Sex shops ask Fifth Circuit to strip Texas age limit on workers

(CN) - Sexually oriented businesses told a Fifth Circuit Court of Appeals panel Monday that a Texas law banning them from employing adults under age 21 violates their freedom of speech, arguing that a lower court erred in upholding the law as constitutional.

In his 2024 ruling, U.S. District Judge Robert Pitman of the Western District of Texas found that S.B. 315, a law passed in 2021 that aims to combat sex trafficking by raising the minimum age of employment at companies like strip clubs and adult bookstores, video stores and arcades, does not violate the First Amendment.

Pitman, a Barack Obama appointee, found that Texas had not shown that employees other than strip club dancers were vulnerable to trafficking, and thus "S.B. 315 plainly regulates more than necessary to stop sex trafficking, as it prohibits all employment of 18- to 20-year-olds at [sexually-oriented businesses]." However, Pitman held that non-dancer employees do not engage in First Amendment activities.

This finding was an error, J. Michael Murray, an attorney representing several sexually oriented businesses and a trade group for such companies that brought a challenge to the law, told the Fifth Circuit panel Monday. He argued that employees like bookstore clerks are necessary for the employer to disseminate its speech.

"The employees at adult bookstores, the managers, the clerks, personnel necessary to operate the business sell constitutionally protected videos and DVDs and magazines," Murray said. "They stock the shelves.
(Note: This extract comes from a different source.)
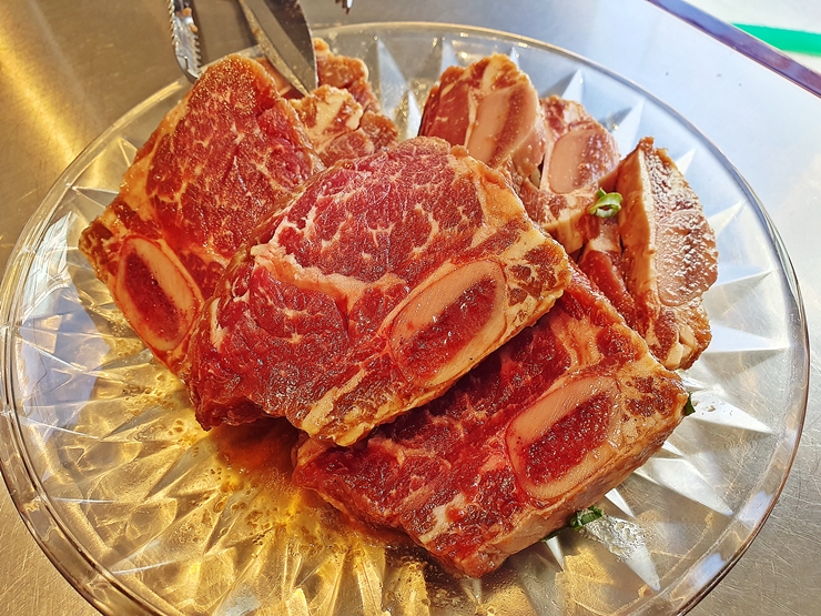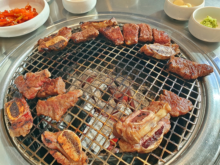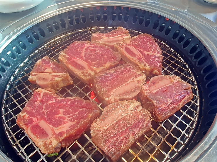 다시 화질이 정상으로 돌아와서 먹다가 LA 양념갈비를 찍었다. 반 정도 먹다가 찍은 것이라서 양이 얼마 없어 보이지만 2인분을 주문하면 적당히 배가 부르게 먹을 수 있는 수준이다. 자, 그럼 이제 신중한 자세로 음미하는 시간을 가져보자. 이 시간은 참으로 행복한 시간이 아닐 수 없다.

They recommend material to the customer. They enable the customers to see the videos. That's all First Amendment-protected activity on the part of those employees."

U.S. Circuit Judge Catharina Haynes asked whether there is prior precedent that employees speaking for their employer is protected by the First Amendment. Murray pointed to cases where the Supreme Court ruled that store clerks could be prosecuted for selling obscene material.

"All speakers need other people to help them get their message across," Murray said. "Are we saying that, for example, a news broadcaster who simply on the six o'clock news reads what somebody else wrote, that he's not engaged in First Amendment activity?"

But Texas Assistant Solicitor General Benjamin Wallace Mendelson told the panel the law does not violate the First Amendment because it allows for other avenues for the same speech. Sexually oriented businesses can still operate while not employing people under 21, he argued, and 18- to 20-year-olds can still distribute sexual content as long as they don't do it as part of a sexually oriented business.

"Hundreds of pages of uncontested evidence show what is obvious: sexually oriented businesses run rampant with human trafficking, sexual abuse, commercial sex and other crimes," Mendelson said. "Raising the age of employment in those businesses to 21 is a modest attempt to solve those problems."

Senior U.S. Circuit Judge James Dennis and U.S. Circuit Judge Carl Stewart, both Bill Clinton appointees, joined Haynes, a George W. Bush appointee, on the panel.